= About this exercise =
Beginning at the line that contains "В Советском районе", reproduce the entries below exactly, ending with the line that contains "1789 Michael Wallis". Omit each picture.

= Source material =
━━━━━━━━━━

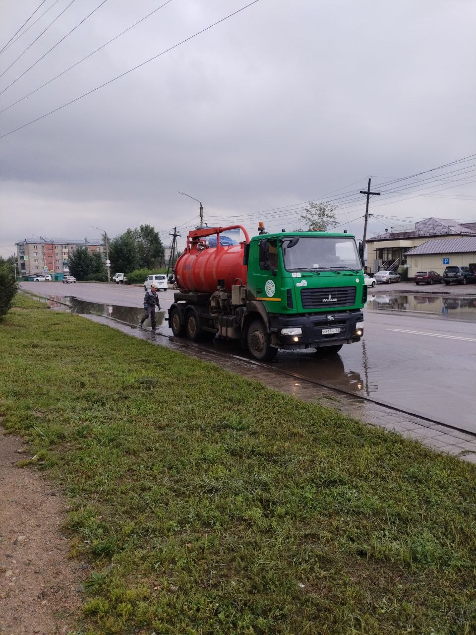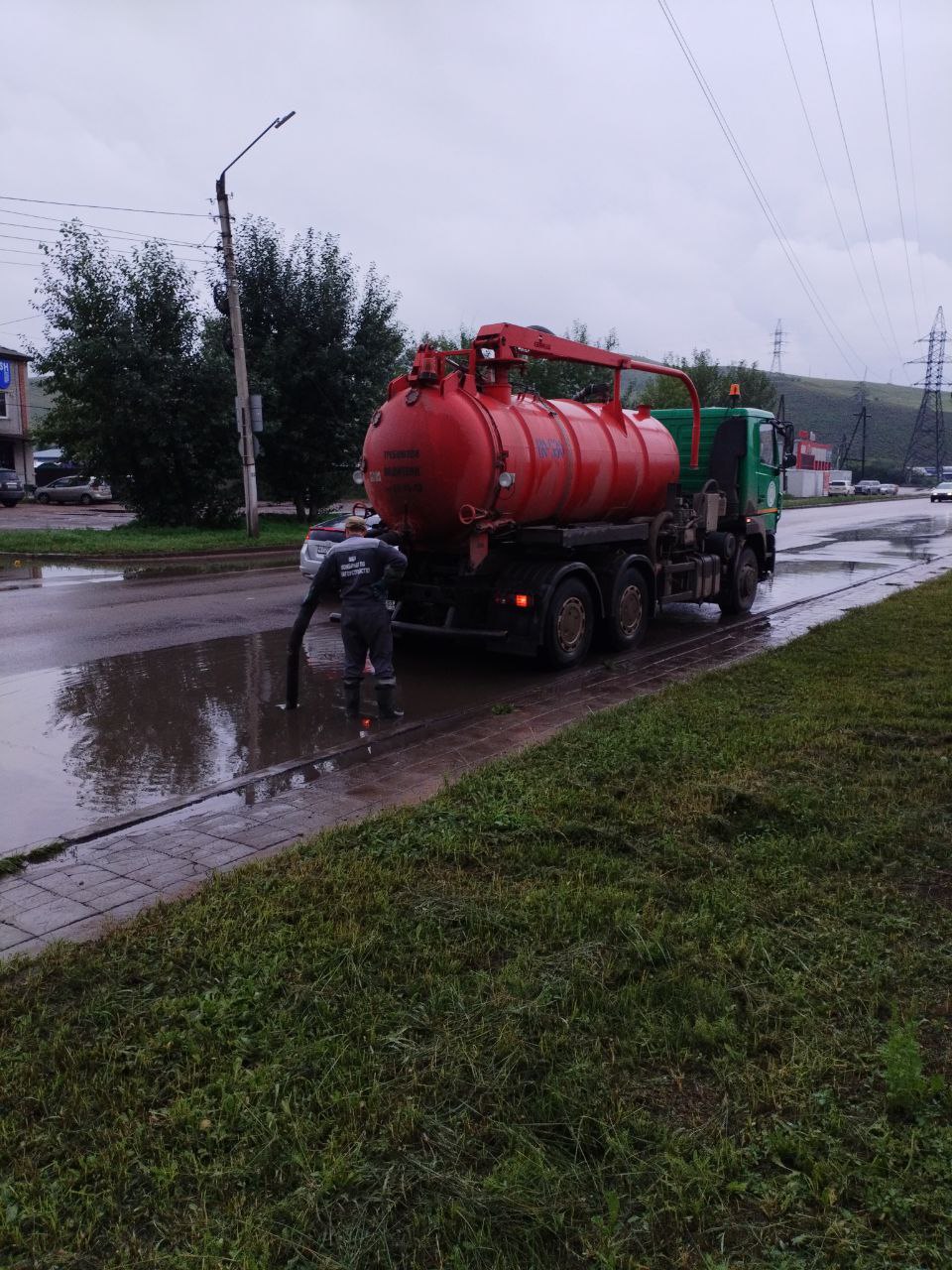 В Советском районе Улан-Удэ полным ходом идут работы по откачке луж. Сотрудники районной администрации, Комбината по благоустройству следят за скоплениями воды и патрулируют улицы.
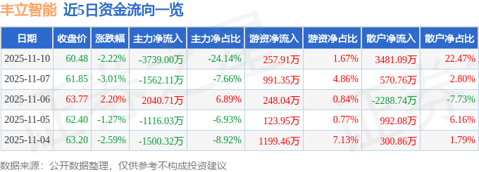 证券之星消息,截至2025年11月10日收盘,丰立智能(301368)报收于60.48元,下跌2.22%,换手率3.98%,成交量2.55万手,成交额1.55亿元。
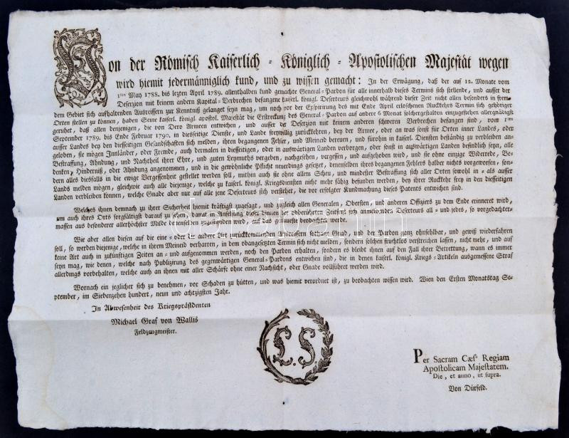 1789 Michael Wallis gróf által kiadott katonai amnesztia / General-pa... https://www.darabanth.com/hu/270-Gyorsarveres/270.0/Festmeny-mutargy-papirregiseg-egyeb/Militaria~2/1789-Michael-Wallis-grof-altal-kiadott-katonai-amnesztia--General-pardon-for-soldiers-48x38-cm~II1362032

━━━━━━━━━━

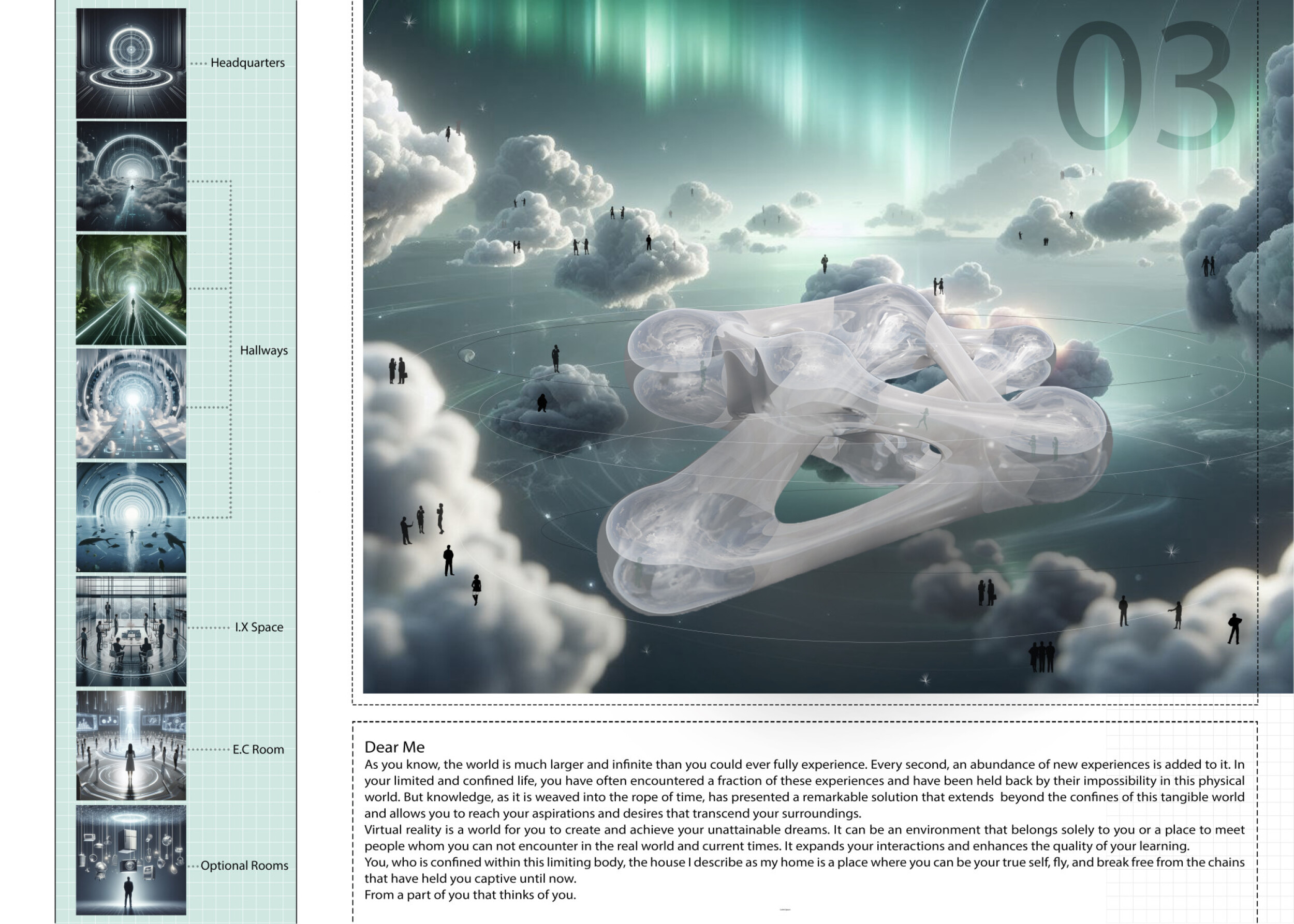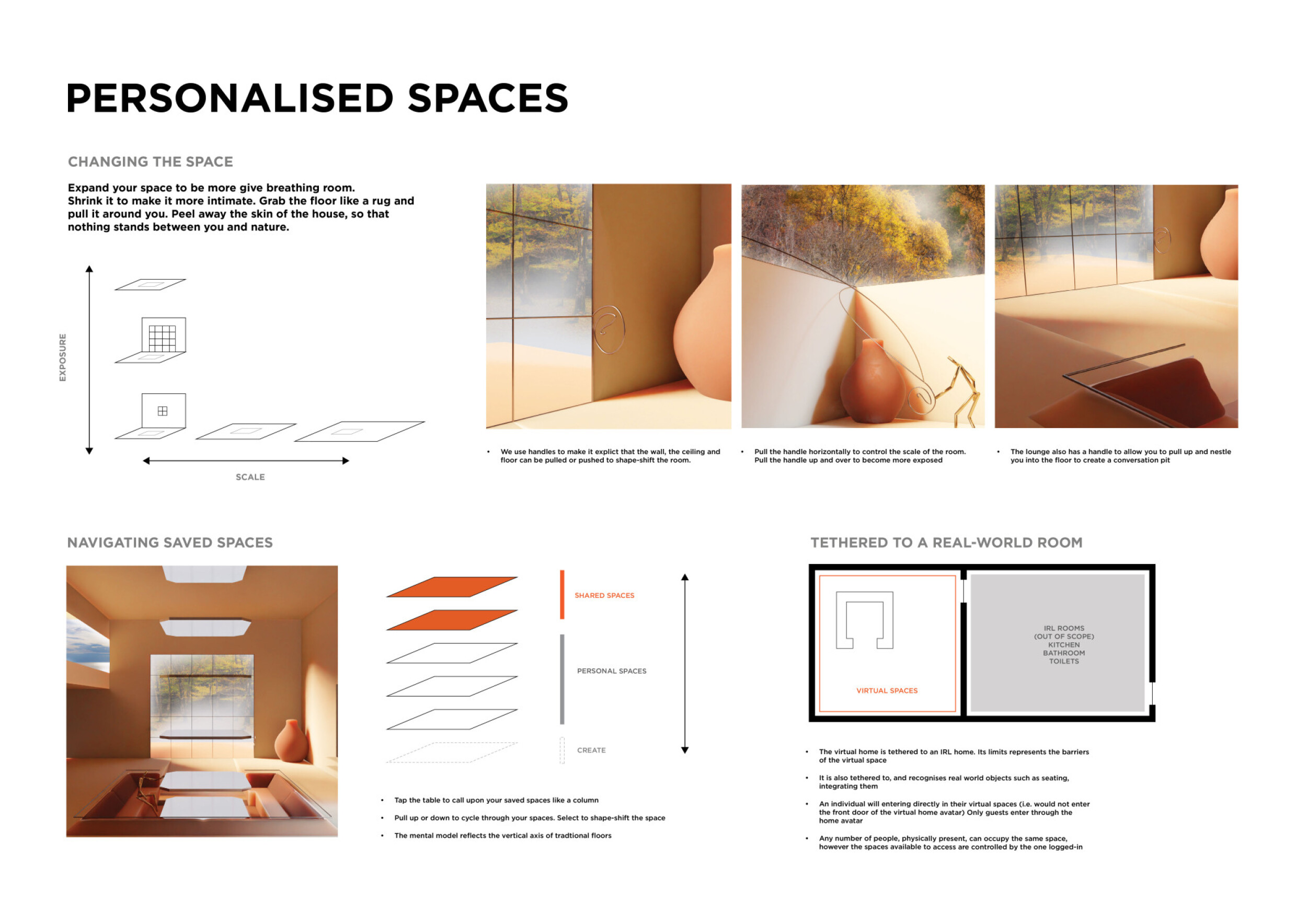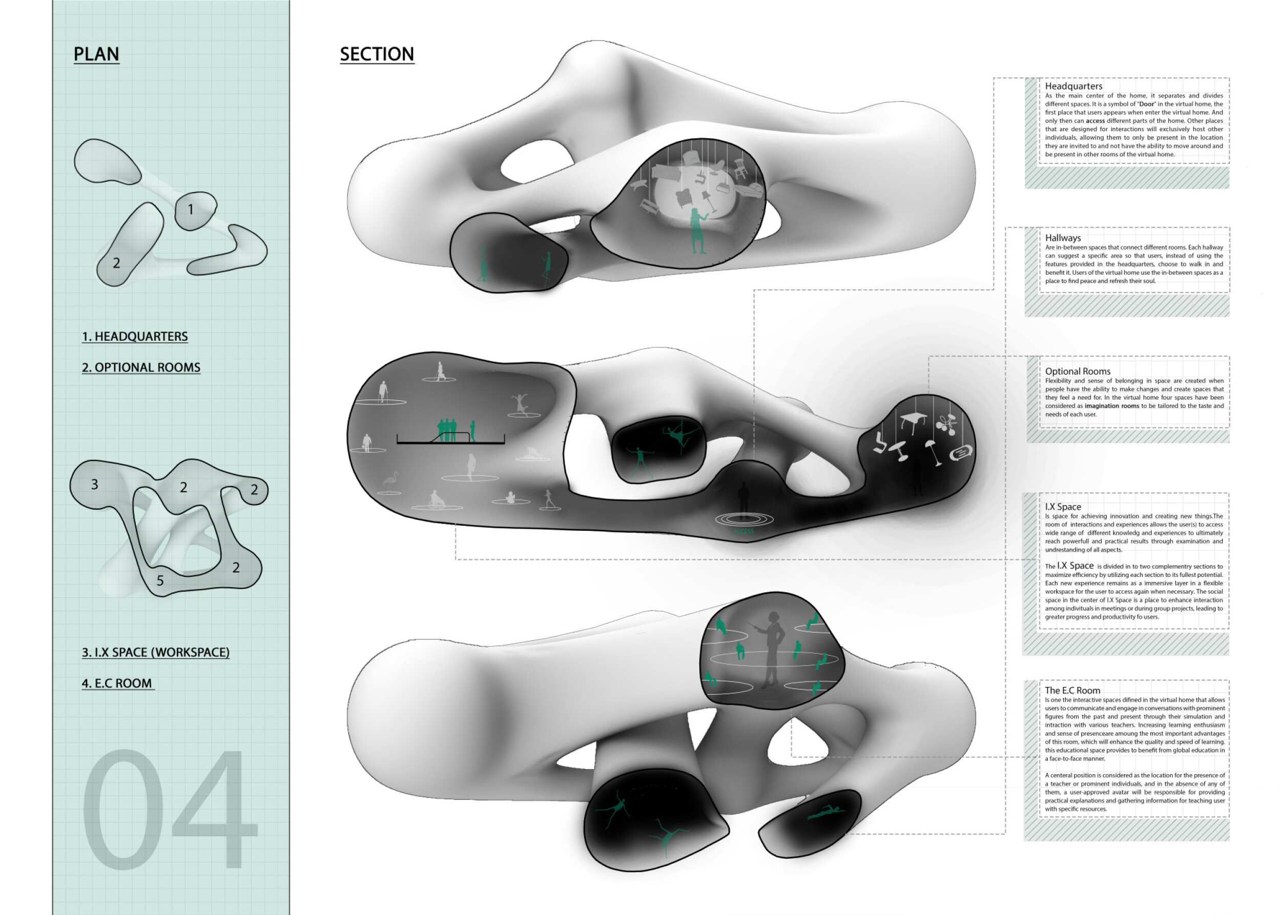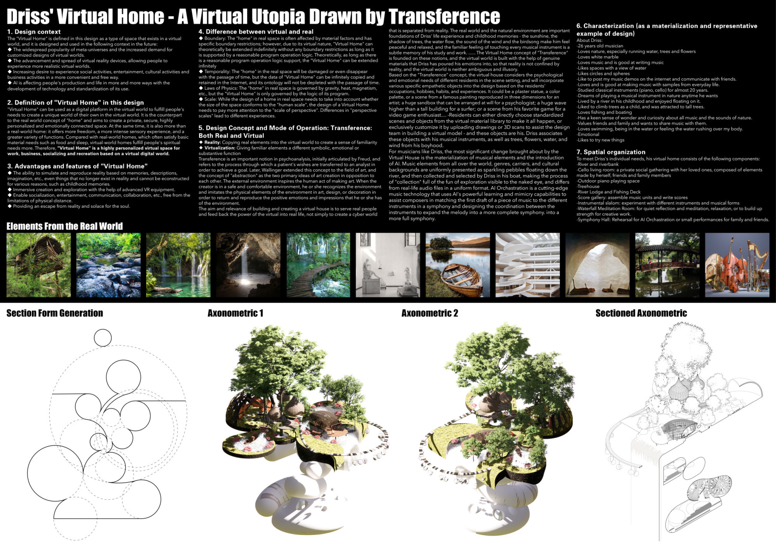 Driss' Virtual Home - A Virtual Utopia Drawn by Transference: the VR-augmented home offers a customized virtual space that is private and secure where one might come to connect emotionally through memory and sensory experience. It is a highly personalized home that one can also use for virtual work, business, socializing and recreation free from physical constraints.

━━━━━━━━━━

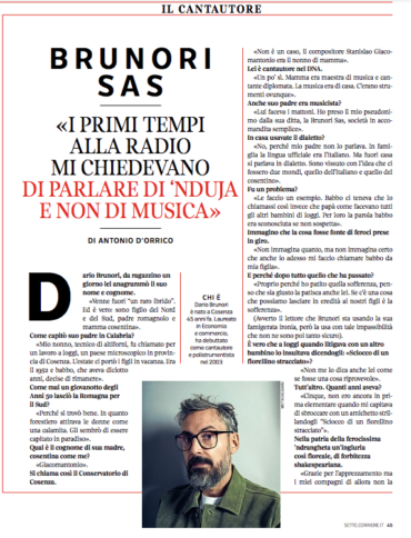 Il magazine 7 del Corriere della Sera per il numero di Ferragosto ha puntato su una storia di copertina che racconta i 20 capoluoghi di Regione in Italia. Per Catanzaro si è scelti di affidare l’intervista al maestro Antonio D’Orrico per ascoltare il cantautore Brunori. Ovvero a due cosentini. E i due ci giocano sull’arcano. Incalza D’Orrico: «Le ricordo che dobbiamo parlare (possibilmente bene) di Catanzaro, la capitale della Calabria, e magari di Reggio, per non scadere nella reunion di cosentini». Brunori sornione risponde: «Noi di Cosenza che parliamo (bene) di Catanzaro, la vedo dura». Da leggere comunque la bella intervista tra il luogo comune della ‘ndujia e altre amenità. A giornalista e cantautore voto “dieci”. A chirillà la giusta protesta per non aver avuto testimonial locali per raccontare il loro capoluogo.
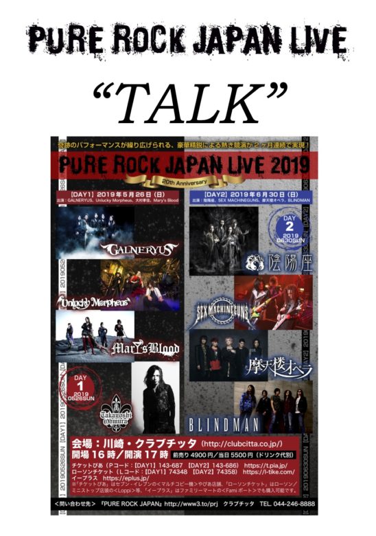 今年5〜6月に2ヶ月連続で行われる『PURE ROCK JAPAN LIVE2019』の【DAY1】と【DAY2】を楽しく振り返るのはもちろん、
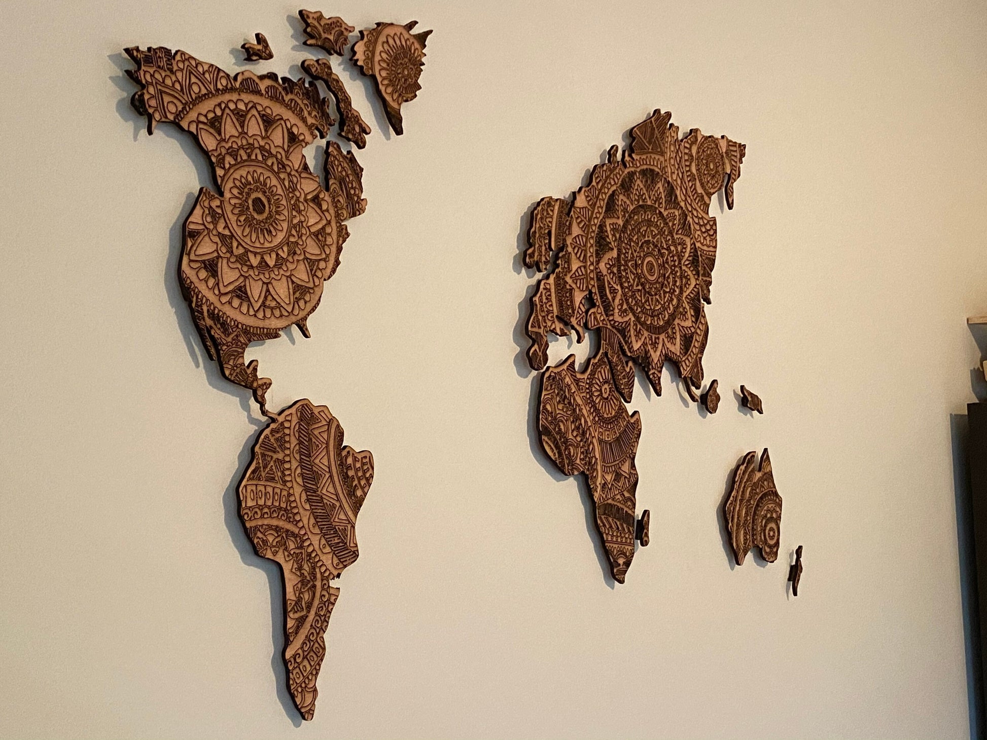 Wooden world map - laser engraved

━━━━━━━━━━

= Solution to this task =
 В Советском районе Улан-Удэ полным ходом идут работы по откачке луж. Сотрудники районной администрации, Комбината по благоустройству следят за скоплениями воды и патрулируют улицы.
 证券之星消息,截至2025年11月10日收盘,丰立智能(301368)报收于60.48元,下跌2.22%,换手率3.98%,成交量2.55万手,成交额1.55亿元。
 1789 Michael Wallis gróf által kiadott katonai amnesztia / General-pa... https://www.darabanth.com/hu/270-Gyorsarveres/270.0/Festmeny-mutargy-papirregiseg-egyeb/Militaria~2/1789-Michael-Wallis-grof-altal-kiadott-katonai-amnesztia--General-pardon-for-soldiers-48x38-cm~II1362032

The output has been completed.